In Group EDA, an epidural catheter was inserted at L3-4 preferentially, using loss of resistance to saline. Five minutes after a 3-mL test dose of 20 mg/mL lidocaine, a 12- to 15-mL main dose of ropivacaine 10 mg/mL was administered. Midazolam could be used for sedation intraoperatively in aliquots of 1 mg. If adequate sensory block (upper limit below T10) was not achieved after 30 min, an additional 5–10 mL of ropivacaine was injected. If sensory or motor block was not adequate after 45 min, the patient could receive another anesthetic regimen.
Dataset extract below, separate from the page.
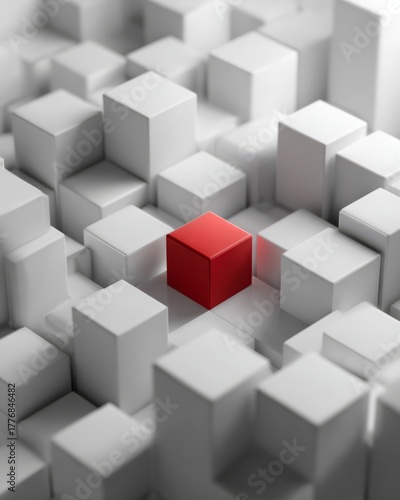 Single red cube among white cubes, representing individuality, courage, and creative difference.
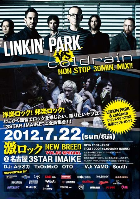 ニュー・アルバム『Living Things』をリリースしたLINKIN PARKとミニ・アルバム『Through CLarity』をリリースしたcoldrain!互いに新作をリリースしたばかりのこの両日米本格派ラウドロック・バンドを激フィーチャーした激ロックパーティーを7/22に名古屋今池で開催決定!! 新作からの曲はもちろん、過去の名曲もガッツリ爆音でセレクトしていきます!! 会場はまるでLP & coldrainのライヴの如くアツい空間、盛り上がりとなること必至!! また洋楽はLIMP BIZKIT、GREENDAY、SLIPKNOT、ADTR、他たくさん。 邦楽はONE OK ROCK、ラスベガス、

Additional 5-mL doses could be injected at signs/symptoms of inadequate block or regression of block. During the entire surgical procedure, a maximal dose of 250 mg of ropivacaine was allowed.

Patients in the GA/PCA group received general anesthesia induced with thiopental or etomidate, fentanyl, and a nondepolarizing muscle relaxant. Anesthesia was maintained with isoflurane/enflurane, fentanyl, nitrous oxide/oxygen, and muscle relaxation. The dose of fentanyl was limited to 3 µg/kg body weight for induction and 2 µg · kg body weight^-1 · h^-1 for maintenance.

In the EDA group, an epidural infusion of ropivacaine 2 mg/mL was commenced as soon as regression of motor block (Bromage score 2) was obvious. The infusion was run at a rate of 4–6 mL/h (8–12 mg/h) and was kept constant during the first 24 h. Whenever the patient requested additional pain relief, a 6-mL (12 mg) top-up dose was administered, with a minimum of 30 min between each top-up. The continuous infusion was discontinued after 24 h, top-ups of 20 mg were administered at the discretion of the investigator, and the epidural catheter withdrawn after 48 h.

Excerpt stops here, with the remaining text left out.